Someone on the right side is actually using a shutter on their upper window. Today shutters are just an ornamental element and most times the wrong size for the windows they're next to.
Plattsburgh would by 1911 host the Army's Plattsburg Training Camp and Officer Candidate School, home of the "Plattsburg Idea," a forerunner of the ROTC.
Brinkerhoff ends at SUNY if you're headed west.
Looks like a perambulator pushing a perambulator to me.
I lived on the neighboring block in the 1980s while I attended college in Plattsburgh. Many of the Victorian homes are still there, but have been converted into apartments. I'm not sure what "park" is being referred to in the caption. Brinkerhoff does start at the college campus, so that could be it.
When you look at the far left of the full size view, there's a ghost image of what looks like a tricycle
Remember, the poles and wires had only recently begun to change this scene from its preindustrial look. It's all downhill from here.
It's a wonder seeing a few auto tire tracks mixed in with wagon wheel tracks. Also, those hitching posts and mounting blocks won't be needed within a decade.
I was going to ask what the short white posts were for, thinking they might be hitching posts, but I didn't see anything obvious to hitch anything to. So I checked google images and found this page showing a leftover hitching post with a small ring on the top of it.
http://www.rockland.bc.ca/walking.html
The dogs in the neighborhood must have been ecstatic.
It appears the well appointed homes of 1907 featured stone hitching posts and dismounting blocks for the convenience of callers.

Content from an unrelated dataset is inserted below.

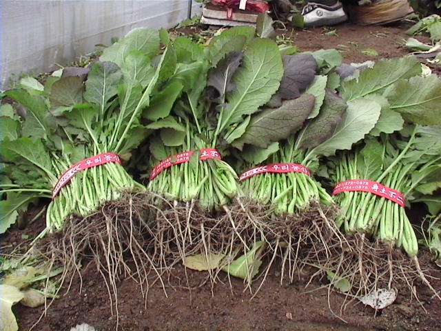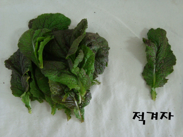 적갓 - 갓김치 담아 먹는 갓인데 매운 맛이 나죠. 쌈으로도 좋아요.

No obvious signs of automobile tracks in the roadway, and if I had a bicycle I'd use the splendid sidewalks.
The Victorian houses, the picket fences, the magnificent trees, the seemingly endless stretch of road ... the stuff dreams are made of. That must have been a wonderful time to live, before the Depression, before the world wars. I know it wasn't perfect, but it's easy to get caught up in longing for a simpler, slower, more peaceful time.
I'd have thought that even without the Twilight Zone reference, as I do each and every time you post such a tree-lined jewel. As strong a synaptic anchor as the pig-nosed medical staff, Cliff Robertson's dummy and man-serving Kanamits.
I wonder if these are elm trees, soon to be doomed by disease.
A little difficult to see, but there is someone walking on the sidewalk to the left.
No streetcars, no tracks.
You could make a mint in the fall raking up all those leaves.